More generally, two distributions $X,Y$ on $\{0,1\}^n$ are $k$-indistinguishable if for every $k$ indices $i_1<\dots<i_k$ and bits $b_1,\ldots,b_k \in \{0,1\}$, $$ \Pr[X_{i_1} = b_1, \ldots, X_{i_k} = b_k] = \Pr[Y_{i_1} = b_1, \ldots, Y_{i_k} = b_k]. $$ Equivalently, the marginal distributions of $X_{i_1},\ldots,X_{i_k}$ and $Y_{i_1},\ldots,Y_{i_k}$ are identical. If $X,Y$ are $k$-indistinguishable then they are $\ell$-indistinguishable for all $\ell \leq k$. A distribution $X$ is $k$-independent if $X,U$ are $k$-indistinguishable, where $U$ is the uniform distribution on $\{0,1\}^n$.

Now suppose that $A$ is a randomized algorithm which queries a black-box vector $(z_1,\ldots,z_n)$ in at most $k$ places. Such an algorithm is sometimes called a randomized decision tree, and $k$ is its query complexity.
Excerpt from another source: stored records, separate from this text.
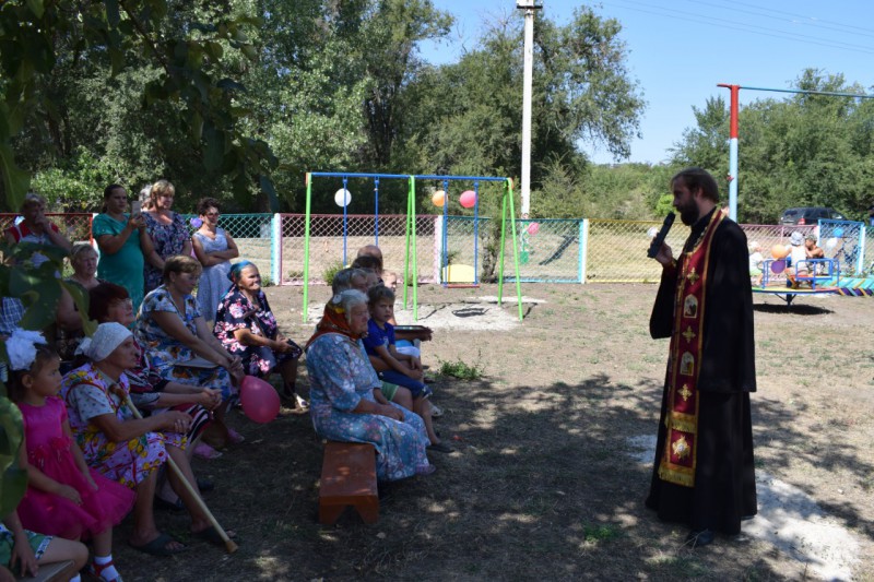 С приветственным словом к собравшимся обратилась Глава Администрации Коммунарского сельского поселения О.В.Безрукавая, выразив слова благодарности жителям за содействие и вручив Благодарственные письма активистам, благоустроившим площадку. Так же с поздравлениями выступила помощник депутата И.В.Кундрата – К.Денисенко, староста поселка А.П. Середа и Благочинный приходов Нижнедонского округа протоиерей Сергий Яценко, который и освятил новую площадку.
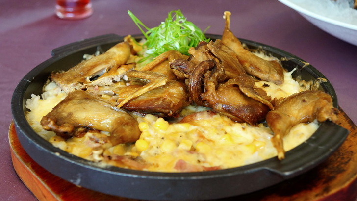 接下來第三道菜端上來的時候,我想說炸雞翅怎麼放在飯上,後來服務員才跟我說,這不是炸雞翅,是斑鳩……,這道菜的正確名稱是鍋巴玉米起司班鳩(NT400)。
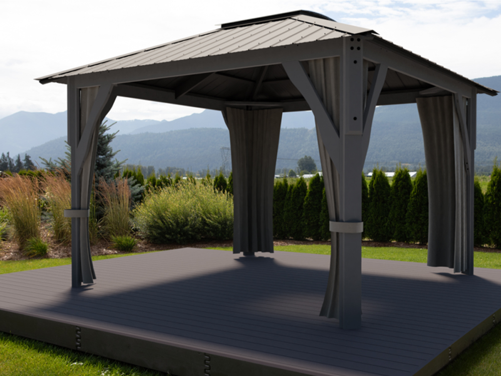 Formed and cut in Canada, the Visscher metal roof is a modern-looking, long-lasting feature of your backyard structure. This roof style makes a statement of longevity and strength. We are so confident of this roof material that we offer an industry-leading ten year limited warranty on sheet defects.
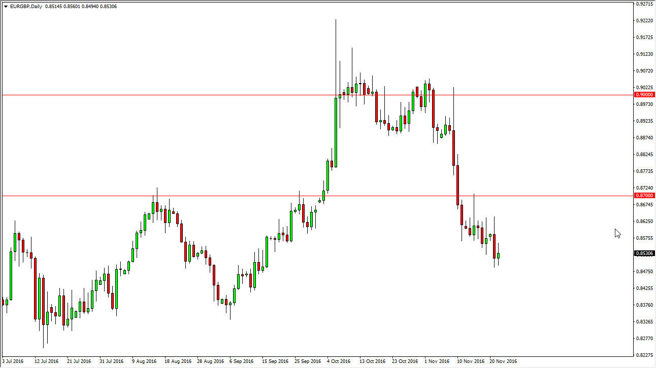 The EUR/GBP pair had a volatile session on Tuesday as we continue to grind lower. At this point, it’s likely that we will continue to go lower but it’s also just as likely that it will be very bumpy along the way. Because of this, it’s difficult to imagine getting involved in this market. Longer-term moves may be possible, but there will be easier ways to trade both the Euro and the Pound in the Forex world. I prefer trading both currencies against the US dollar, but recognize that if we can break above the 0.87 level, that would be a clear-cut “buy signal” in this market. Currently, it seems as if the market is trying to grind towards the 0.8350 handle.
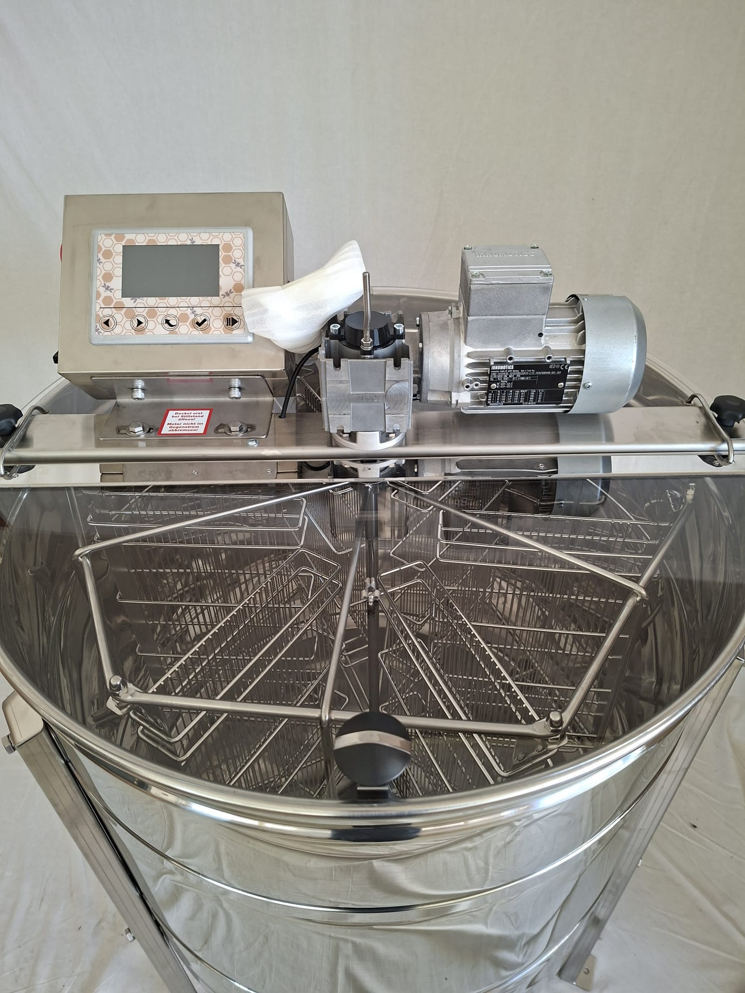 ⚠️ Die Steuerung und Deckelöffnung befinden sich zu Anschauungszwecken nach vorne gerichtet. Für eine einfachere Bestückung der Waben im Schleuderkorb erfolgt die Lieferung mit Steuerung und Deckelöffnung nach hinten.
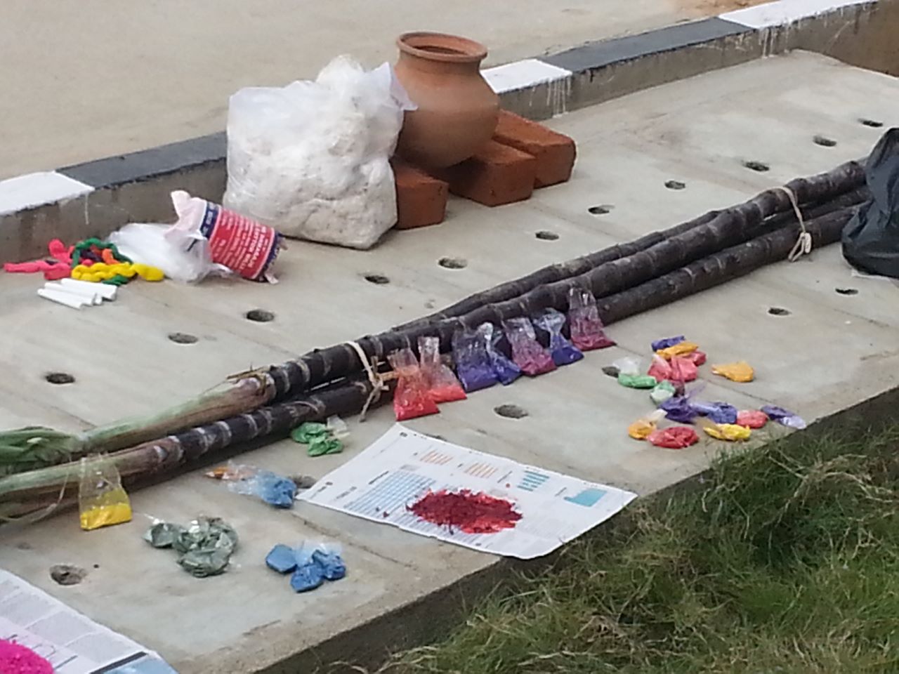 装飾の材料はカラフルなカラー砂(手前)。 中央の木はサトウキビ。 奥にあるのがミルクライス用の窯(これはダミー)
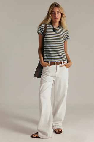 We The Free Nora Striped Linen Tee from Free People with white jeans - A striped tee + jeans + a big necklace. You might like to belt it.
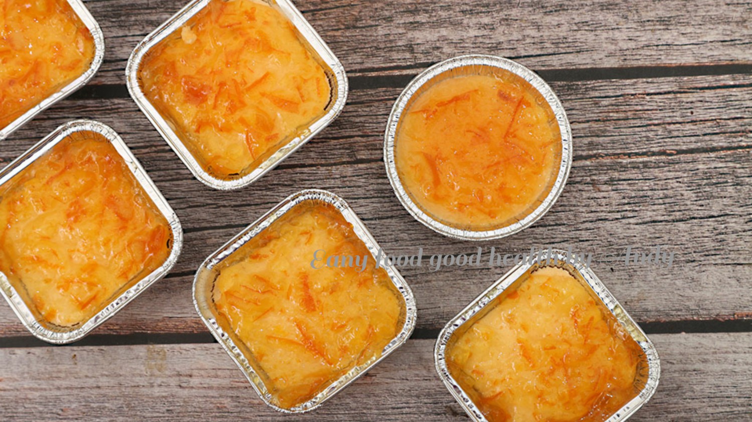 5.นำออกจากเตาอบตักแยมส้มราดด้านบน แช่ตู้เย็นเก็บไว้ทาน
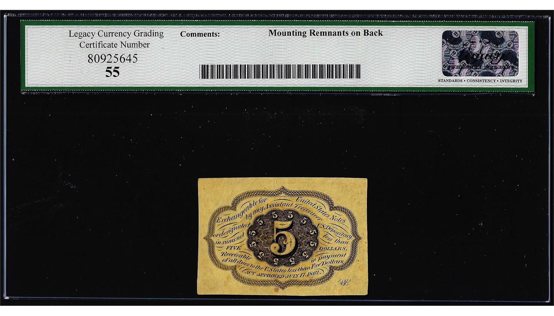 One 1862 First Issue 5 Cents Fractional Currency Note Fr.1230 Legacy Choice About New 55. Legacy Graded.

We would like to show that if $X,Y$ are $k$-indistinguishable then the distributions of $A(X_1,\ldots,X_n)$ and $A(Y_1,\ldots,Y_n)$ are identical.

The idea is that at any point in time, $A$ decides what to do next — which coordinate to query, or what value to return — based on the coordinates $i_1,\ldots,i_\ell$ seen so far, where $\ell \leq k$. Since $X,Y$ are $k$-indistinguishable, the distributions of $X_{i_1},\ldots,X_{i_\ell}$ and $Y_{i_1},\ldots,Y_{i_\ell}$ are identical, and so the distribution of $A$'s next move is identical in both cases.

Expressing this idea more formally would require formalizing the definition of a randomized decision tree, and is beyond the scope of this answer; but I encourage the reader to do that, if they are in the possession of such a definition (or can come up with one on their own).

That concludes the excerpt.